Reproduce exactly the lines below, from the first through the one containing "Важную роль в", and nothing more.

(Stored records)
•••
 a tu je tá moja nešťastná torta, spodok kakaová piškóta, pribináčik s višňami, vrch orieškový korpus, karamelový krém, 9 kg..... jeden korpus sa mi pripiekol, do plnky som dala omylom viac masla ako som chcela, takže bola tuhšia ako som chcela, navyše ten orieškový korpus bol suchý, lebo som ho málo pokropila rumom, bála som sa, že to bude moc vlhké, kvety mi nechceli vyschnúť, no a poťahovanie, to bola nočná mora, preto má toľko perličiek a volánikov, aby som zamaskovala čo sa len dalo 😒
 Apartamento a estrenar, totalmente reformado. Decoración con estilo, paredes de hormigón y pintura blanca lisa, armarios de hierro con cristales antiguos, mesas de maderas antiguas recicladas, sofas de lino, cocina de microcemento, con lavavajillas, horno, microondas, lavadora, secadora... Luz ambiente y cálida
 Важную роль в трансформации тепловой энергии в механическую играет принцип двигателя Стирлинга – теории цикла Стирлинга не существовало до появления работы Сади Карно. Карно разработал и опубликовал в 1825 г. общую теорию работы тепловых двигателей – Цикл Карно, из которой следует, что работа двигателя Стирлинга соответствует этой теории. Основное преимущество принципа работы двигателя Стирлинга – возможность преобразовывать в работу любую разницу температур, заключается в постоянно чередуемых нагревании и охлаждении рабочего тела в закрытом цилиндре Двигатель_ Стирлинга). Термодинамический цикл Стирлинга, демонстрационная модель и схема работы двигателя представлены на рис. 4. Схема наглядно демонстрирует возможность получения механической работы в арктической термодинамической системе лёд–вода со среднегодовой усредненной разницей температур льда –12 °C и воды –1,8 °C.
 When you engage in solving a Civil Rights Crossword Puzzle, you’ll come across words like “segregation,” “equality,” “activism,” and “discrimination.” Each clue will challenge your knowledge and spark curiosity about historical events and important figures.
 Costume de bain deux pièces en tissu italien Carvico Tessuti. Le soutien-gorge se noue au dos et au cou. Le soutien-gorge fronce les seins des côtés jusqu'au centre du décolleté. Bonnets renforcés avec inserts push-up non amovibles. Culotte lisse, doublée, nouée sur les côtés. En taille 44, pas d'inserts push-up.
•••
## OUTPUT BELOW
 a tu je tá moja nešťastná torta, spodok kakaová piškóta, pribináčik s višňami, vrch orieškový korpus, karamelový krém, 9 kg..... jeden korpus sa mi pripiekol, do plnky som dala omylom viac masla ako som chcela, takže bola tuhšia ako som chcela, navyše ten orieškový korpus bol suchý, lebo som ho málo pokropila rumom, bála som sa, že to bude moc vlhké, kvety mi nechceli vyschnúť, no a poťahovanie, to bola nočná mora, preto má toľko perličiek a volánikov, aby som zamaskovala čo sa len dalo 😒
 Apartamento a estrenar, totalmente reformado. Decoración con estilo, paredes de hormigón y pintura blanca lisa, armarios de hierro con cristales antiguos, mesas de maderas antiguas recicladas, sofas de lino, cocina de microcemento, con lavavajillas, horno, microondas, lavadora, secadora... Luz ambiente y cálida
 Важную роль в трансформации тепловой энергии в механическую играет принцип двигателя Стирлинга – теории цикла Стирлинга не существовало до появления работы Сади Карно. Карно разработал и опубликовал в 1825 г. общую теорию работы тепловых двигателей – Цикл Карно, из которой следует, что работа двигателя Стирлинга соответствует этой теории. Основное преимущество принципа работы двигателя Стирлинга – возможность преобразовывать в работу любую разницу температур, заключается в постоянно чередуемых нагревании и охлаждении рабочего тела в закрытом цилиндре Двигатель_ Стирлинга). Термодинамический цикл Стирлинга, демонстрационная модель и схема работы двигателя представлены на рис. 4. Схема наглядно демонстрирует возможность получения механической работы в арктической термодинамической системе лёд–вода со среднегодовой усредненной разницей температур льда –12 °C и воды –1,8 °C.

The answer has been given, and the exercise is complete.